**Problem**: Without the pictures, output the lines of the material from the very first through the one that holds "Funda de Cuero".

**Stored data**:
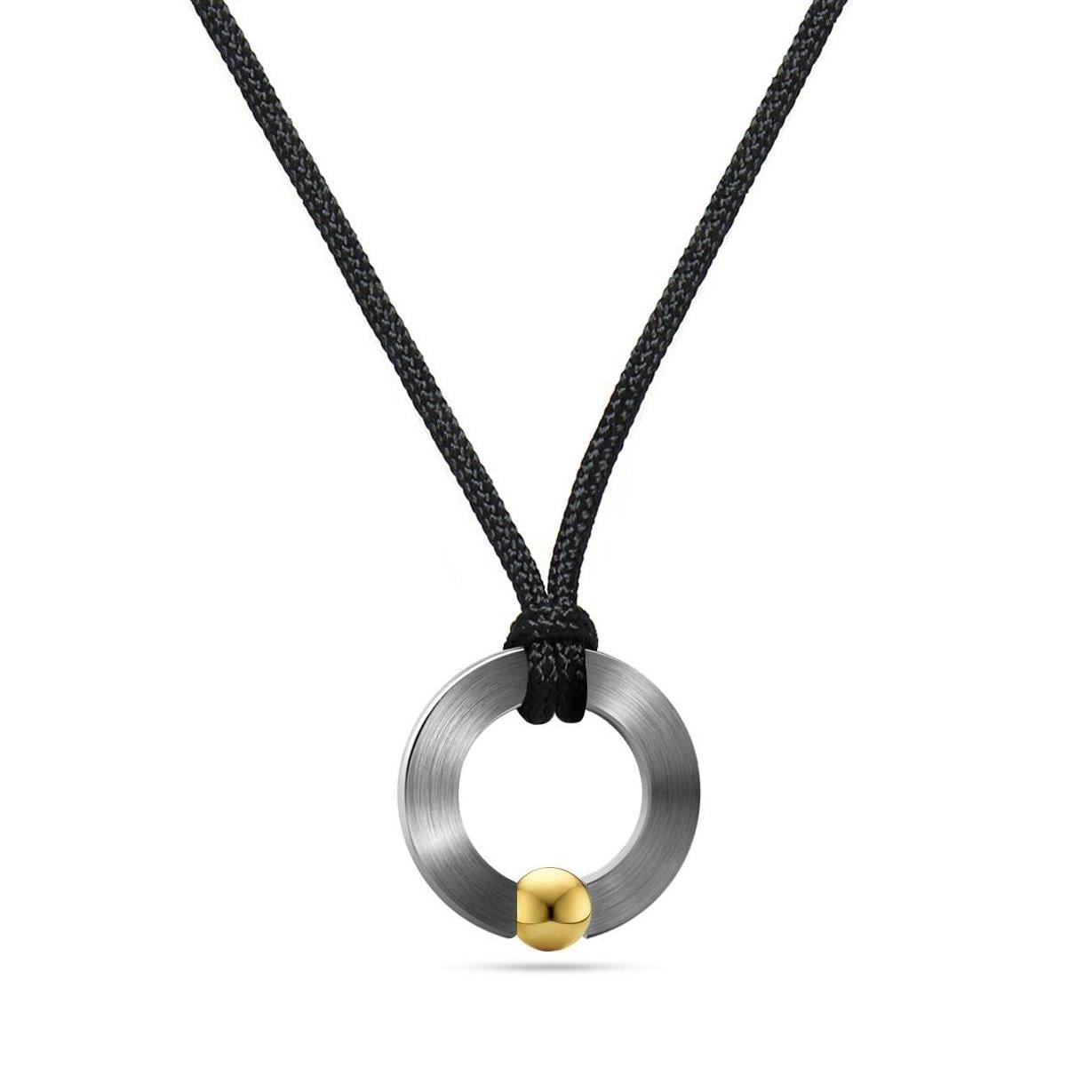 Brushed Stainless Steel Pendant Gold Sphere On Black Cord
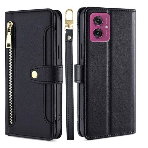 Funda de Cuero Tipo Billetera con Cremallera y Textura de Oveja para Motorola Moto G55 5G (Negra)
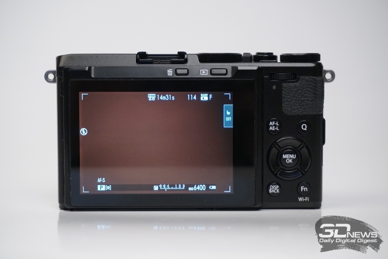 На тыльной панели расположен наклонный сенсорный дисплей, над которым удалось разместить клавиши управления снимками: воспроизведение и удаление; справа от него – трехпозиционный навигационный джойстик; пятипозиционная клавиша с программируемыми лучами и центральной частью, всегда отвечающей за вызов основного меню и подтверждение действия; четыре кнопки, отвечающие за блокировку автофокуса, вызов быстрого меню, смену типа отображаемой на экране информации и вызов Wi-Fi. Программируется из них только последняя.
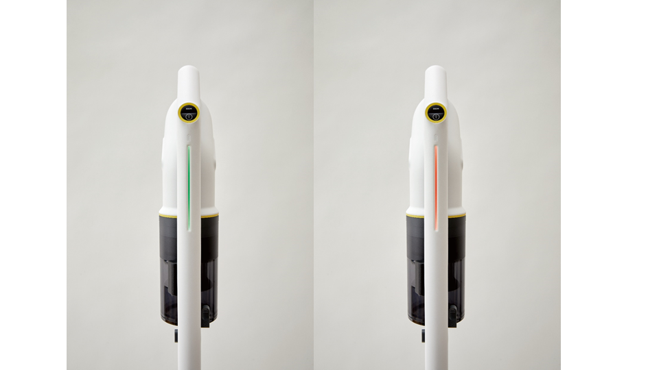バッテリー残量が20%を切るとランプが緑色から赤色に変わってお知らせ。同時にモードを自動で1段階落とし、より長い時間のお掃除をサポートします。

**Answer below**:
 Brushed Stainless Steel Pendant Gold Sphere On Black Cord
 Funda de Cuero Tipo Billetera con Cremallera y Textura de Oveja para Motorola Moto G55 5G (Negra)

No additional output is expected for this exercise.